Update values in a column based on values of another data frame's column values in PySpark


I have two data frames in PySpark: df1

+---+-----------------+
|id1|           items1|
+---+-----------------+
|  0|     [B, C, D, E]|
|  1|        [E, A, C]|
|  2|     [F, A, E, B]|
|  3|        [E, G, A]|
|  4|  [A, C, E, B, D]|
+---+-----------------+ 

and df2:

+---+-----------------+
|id2|           items2|
+---+-----------------+
|001|              [B]|
|002|              [A]|
|003|              [C]|
|004|              [E]|
+---+-----------------+ 

I would like to create a new column in df1 that would update values in items1 column, so that it only keeps values that also appear (in any row of) items2 in df2. The result should look as follows:

+---+-----------------+----------------------+
|id1|           items1|        items1_updated|
+---+-----------------+----------------------+
|  0|     [B, C, D, E]|             [B, C, E]|
|  1|        [E, A, C]|             [E, A, C]|
|  2|     [F, A, E, B]|             [A, E, B]|
|  3|        [E, G, A]|                [E, A]|
|  4|  [A, C, E, B, D]|          [A, C, E, B]|
+---+-----------------+----------------------+

I would normally use collect() to get a list of all values in items2 column and then use a udf applied to each row in items1 to get an intersection. But the data is extremely large (over 10 million rows) and I cannot use collect() to get such list. Is there a way to do this while keeping data in a data frame format?

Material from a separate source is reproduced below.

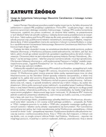 POLEMIKI ZATRUTE ŹRÓDŁO Uwagi do komentarza historycznego Sławomira Cenckiewicza z lutowego numeru „Biuletynu IPN” Instytut Pamięci Narodowej powołany został między innymi po to, by fakty ukrywane lub zakłamane w czasach PRL przybliżyć czytelnikowi. Firma IPN – oczekujemy tego – stać się powinna synonimem dobrego warsztatu historycznego. Czytając IPN-owskie komentarze historyczne, czytelnik ma prawo oczekiwać, że otrzyma tekst rzetelny, że prezentowane w tych tekstach fakty lub sylwetki zostaną z należytą starannością przedstawione ze wszystkich stron. Tekst wydany pod firmą IPN staje się dla wielu poważnym źródłem – tym większe szkody przynosi więc publikowanie tekstów nierzetelnych, zawierających błędne, niesprawdzone dane. Z takim przypadkiem mamy do czynienia w lutowym numerze Biuletynu w związku z opublikowaniem komentarza historycznego Sławomira Cenckiewicza Melchiora Wańkowicza kręta droga do Polski. Czytając ten tekst, stwierdzić muszę, że warsztatowe standardy zostały zaniżone, podano fałszywe informacje, a Wańkowicz pokazany został jednostronnie, nie takim, jaki był, lecz takim, jakim chcieli go widzieć zawistni lub uprzedzeni współzawodnicy do tytułu mistrza – wieszcza. Omawiany tekst nie jest indywidualną sprawą Instytutu Pamięci Narodowej, „Biuletynu” czy też samego autora – tekst ten przynosi wymierne szkody i musi być sprostowany. Oto bowiem fałszywa informacja o „willi podarowanej Pisarzowi w hołdzie” została rozpowszechniona przez „Tygodnik Powszechny” (nr 16 z dnia 18 kwietnia 2004 roku). „Biuletyn” stał się więc zatrutym źródłem. Ciekawą dla wszystkich jest prezentacja IPN-owskich archiwaliów, szczególnie tych mało dostępnych, a pochodzących z kręgów SB i cenzury, nie powinny one jednak tekstu zdominować. O Wańkowicza pytać można przecież także osoby reprezentujące inne niż obaj Mackiewiczowie czy też Stanisław Gierat sposoby widzenia rzeczywistości, a także inny pogląd na to, gdzie stać powinny drogowskazy, by dostrzec je mogły możliwie szerokie rzesze czytelników – wędrowców. Wańkowicz nie był na pewno osobą skromną – był świadomy swej roli, więcej, w sposób świadomy ustawiał się w takim miejscu, by zostać dostrzeżonym. Mimo prób czynionych przez niektórych, na przykład przez Czesława Miłosza, który w swej historii literatury polskiej Wańkowicza nie dostrzega, stał się on na długo przed śmiercią osobą i własnością publiczną, nic więc nie przeszkadza, by każdy mógł dawać wyraz swoim poglądom i dezawuować jego życie i twórczość. W „Biuletynie IPN” można by jednak oczekiwać prezentacji obiektywnej, czyli mówiąc po ludzku uczciwej, a nie prezentacji z tezą, jak czyni to p. Cenckiewicz. Autor omawianego tekstu, przedstawiając sylwetkę Melchiora Wańkowicza, skonstruował swój tekst i zawartą w nim ocenę wokół jednego problemu – przyjazdu do Polski w 1956 i następnie powrotu tu na stałe w 1958 roku, przyjazdu noszącego według cytowanych autorów i tekstów cechy zdrady i zaprzedania się komunistom. Pan Cenckiewicz pominął przy tym jedną, być może najciekawszą cechę Wańkowicza, perspektywę, z której oceniał on świat i ludzi – perspektywę reportera. Krytykowane działania zdecydowanie inaczej się ocenia z wańkowiczowskiej strony. Kraj w 1956 roku był miejscem, w którym coś się działo, coś, co mogło zmienić oblicze Polski i byt Polaków. Wańkowicz – reporter nie mógł tego porzucić, musiał być w centrum wydarzeń, dotknąć, posmakować. Kraj w stanie 96 97 POLEMIKI wrzenia, na ulicach Poznania leje się krew, czołgi sowieckie idą na Warszawę – on nie mógł siedzieć na kanapie w amerykańskim zaciszu, nie mógł też czyścić i pakować do skrzynek jajek (prowadzenie kurzej fermy dawało mu środki do życia). Musiał przyjechać, by to zobaczyć – wbrew emigracyjnym mentorom narzucającym wszystkim jedynie słuszny sposób traktowania sowieckiego reżymu w kraju. Z analizy przedstawionej w „Biuletynie” przez p. Cenckiewicza, powtórzmy, wyłania się Wańkowicz nie taki, jakim on był, lecz taki, jakim chcieli go widzieć inni. Zastanawiającym jest powielanie, a przez to nobilitowanie jako jedynie słusznych, obowiązujących w emigracyjnym środowisku „nieprzejednanych” postaw odmowy pisania do kraju, odmowy wydawania w kraju. Brakuje rzetelnej oceny skutków takich postaw. Pisarz żyje jedynie w świadomości swoich czytelników. Potencjalni czytelnicy Wańkowicza żyją w kraju. Prawie wszystkie próby pisania do szuflady kończyły się fiaskiem – z pustych szuflad nic nie dało się rzucić na maszyny drukarskie. Rysując czarną kreską ponad osiemdziesięcioletnie życie Wańkowicza, Cenckiewicz dokonuje szczególnej selekcji faktów, pomijając te, które z przyjętą tezą nie korespondują – w portrecie tym jest zarzut braku akcesu do Legionów, ale brakuje szerszej oceny działań, tego legionowego w gruncie rzeczy emisariusza w terenie najlepiej mu znanym, w ziemi mińskiej, w Bobrujsku, na dalekich, północno-wschodnich kresach Rzeczypospolitej. Cenckiewicz nie pisze o tym, że dwuletni pobyt „wypoczynkowy” na Cyprze zafundowali Wańkowiczowi rodacy, czyniąc go jako politycznie podejrzanego sanatora wręcz więźniem – gościem Jego Królewskiej Mości, pisze natomiast o nagannej skłonności Wańkowicza do zarabiania pieniędzy, posuwając się wręcz do pomówień o sprzedajność czy nieuczciwość w zbieraniu, w iście amerykański sposób, środków finansowych na to, by móc spokojnie pisać amerykańską trylogię (a przecież trylogia ta – W pępku Ameryki, Atlantyk–Pacyfik, Królik i oceany – powstała i dotarła do rąk subskrybentów). I tak można by dalej. Komentarz historyczny dotyczący Wańkowicza jest ciągle do napisania – pan Cenckiewicz tego nie zrobi. Po to, by taki komentarz napisać

Or some other way without using collect()?


Solution

  • The first thing you want to do is explode the values in df2.items2 so that contents of the arrays will be on separate rows:

    from pyspark.sql.functions import explode
    df2 = df2.select(explode("items2").alias("items2"))
    df2.show()
    #+------+
    #|items2|
    #+------+
    #|     B|
    #|     A|
    #|     C|
    #|     E|
    #+------+
    

    (This assumes that the values in df2.items2 are distinct- if not, you would need to add df2 = df2.distinct().)

    Option 1: Use crossJoin:

    Now you can crossJoin the new df2 back to df1 and keep only the rows where df1.items1 contains an element in df2.items2. We can achieve this using pyspark.sql.functions.array_contains and this trick that allows us to use a column value as a parameter.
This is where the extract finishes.